概要
任天堂のアクションアドベンチャー『ゼルダの伝説』シリーズの主人公。勇気のトライフォースを宿す運命の勇者として、危機に瀕したハイラル王国とゼルダ姫を救うために剣を取る。作品ごとに姿は似ていてもほぼ別人という設定で、時代を変えながら新たなリンクとして冒険が繰り返し描かれる。
性格
多くの場面で自ら台詞を発することのない無口な主人公であり、目立った性格そのものが明確には設定されていない。これはプレイヤーがリンクに自分自身を重ねながら物語を追体験できるようにという、シリーズプロデューサー青沼英二らの意図的な設計によるものとされる。それでも作品を経るごとに表情や仕草には差が生まれ、『風のタクト』では表情豊かでコミカルな一面が、『トワイライトプリンセス』ではやや少年らしい気性が加えられるなど、無口さの中にも作品ごとの個性がにじむ。
能力
象徴的な武器は、悪しきものを退ける力を持つとされるマスターソード(退魔の剣)で、ハイリアの紋章を掲げる盾とともに標準装備をなす。
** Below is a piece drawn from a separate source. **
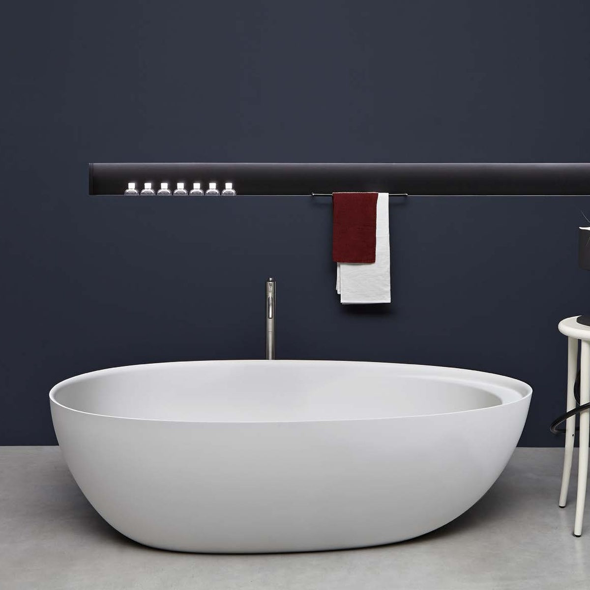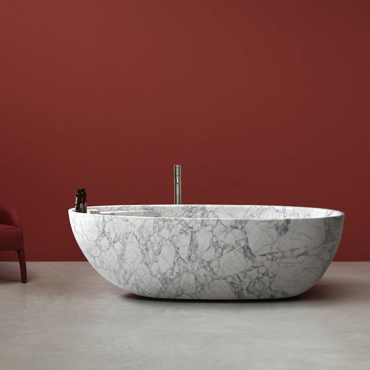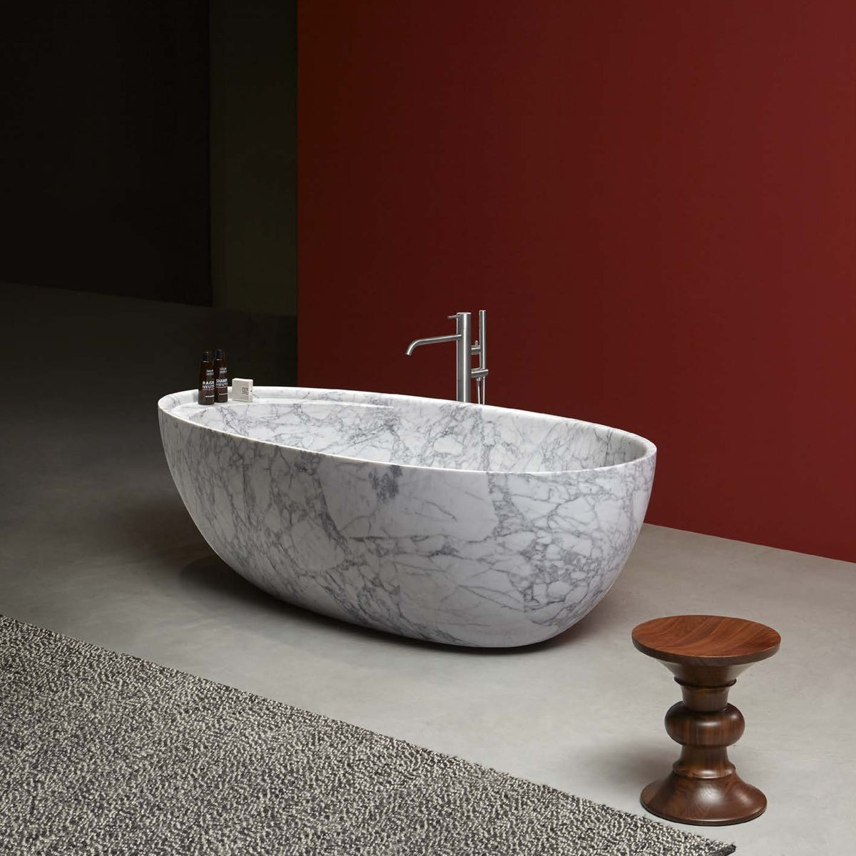 A bathtub able to take center stage but also to be set aside against a wall, an enveloping volume with an egg shape that ergonomically protects the body. Eclipse is a refined interpretation of an organic style, a contemporary expression of relaxation, an image of design embellished today by the new version made of Carrara marble. A monolithic form well-defined in every detail, a complete project that in addition to giving identity to space, investigates the functional aspects related to relaxation thanks to a sophisticated shelf perfectly integrated into the edge.

弓矢・爆弾・ブーメラン・フックショットといった多彩な道具を使いこなし、作品ごとに異なる楽器(時のオカリナ、風のタクトの指揮棒など)で謎解きや意思疎通を行う。旅の道中では妖精ナビィ(『時のオカリナ』)、影の生物ミドナ(『トワイライトプリンセス』)、剣の意思フィー(『スカイウォードソード』)など、作品ごとに異なる相棒が導き手として付き従う。
活躍
シリーズ第1作『ゼルダの伝説』(1986年)では、ゼルダ姫によって8つに分けられ隠された知恵のトライフォースを探し出し、大魔王ガノンの討伐に挑む。以降のシリーズでも、姿を変えたリンクがハイラル各地を巡って謎を解き、ダンジョンを攻略し、迷い込んだ仲間や住民を助けながら脅威に立ち向かう役回りが繰り返し描かれる。『ブレス オブ ザ ワイルド』『ティアーズ オブ ザ キングダム』では、100年の眠りから記憶を失った状態で目覚めるところから物語が始まり、従来の緑の勇者服に代わり青い「英傑の服」を身につけた青年として広大なハイラルを旅する。
エピソード
「リンク」という名は、宮本茂によれば離れた時代に散らばるトライフォースの欠片を「つなぐ」役回りに由来するとされ、青沼英二はこれを「トライフォースを繋げ、世界を正しく導く者」と説明している。初代のドット絵デザインは色数の制約から生まれたもので、舞台が森であったことから緑色の装いが選ばれた。『時のオカリナ』では開発者小泉歓晃の妻の指摘を受け、それまでの団子鼻から鼻筋の通った顔立ちへとデザインが一新され、続く『風のタクト』のアニメ調デザイン「トゥーンリンク」は発表当初ファンの間で賛否を呼んだ。リンクは基本的に左利きとして描かれてきたが、Wii版『トワイライトプリンセス』ではWiiリモコンを振る操作に多くのプレイヤーが右手を使ったことを踏まえて右利きに変更され、それに合わせてゲーム世界全体が左右反転される独特の対応が取られた。